Multi-Provider Fallback
Do not depend on a single LLM provider. APIs go down. Rate limits hit. Build a provider abstraction that tries your primary provider first and falls back to a secondary. Maintain a list of provider configurations (client, model name, API format), iterate through them on failure, and raise only when all providers are exhausted. This is production hygiene, not premature optimization.
Common Pitfalls
- Routing overhead exceeds savings. If your router uses the same expensive model you are trying to avoid, you have gained nothing. Use the cheapest possible classifier or heuristic for routing.
- Over-routing to the cheap model. Aggressive cost optimization leads to quality degradation on queries that needed the better model. Monitor user satisfaction by route, not just overall.
- No fallback strategy. Routing without fallbacks means misrouted queries get bad answers with no recovery. Always have a path from the cheap model to the expensive one.
- Hardcoded thresholds. A confidence threshold of 0.8 might be right today and wrong next month as your query distribution changes. Monitor and adjust regularly.

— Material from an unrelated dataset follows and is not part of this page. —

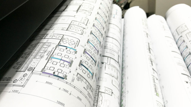 Industrial wide-format plotter printing monochrome vertical stripes on continuous paper

- Single provider dependency. If 100% of your LLM traffic goes through one provider and they have an outage, your product is down. Multi-provider fallback is production hygiene, not over-engineering.
- Not A/B testing the router. Your routing logic is itself a model decision. A/B test routed traffic vs always-expensive-model traffic to verify that routing does not hurt quality.
Key Takeaways
- Most LLM queries do not need the most expensive model. Route simple queries to cheap models and complex queries to capable ones. Typical savings are 50-80%.
- Three routing approaches: LLM classifier (most accurate, adds latency), embedding-based (fast, no API call), heuristic (simplest, surprisingly effective). Start with heuristics, upgrade if needed.
- Always implement fallbacks. Try the cheap model, fall back to the expensive one on low confidence or failure. This is the highest-leverage pattern for cost optimization with quality preservation.
- Build multi-provider fallback as production infrastructure. Single-provider dependency is a reliability risk.
- Monitor routing decisions, costs, and quality per model tier. You cannot optimize routing without data on how each tier performs.
- The router itself must be cheap. An expensive routing step defeats the purpose.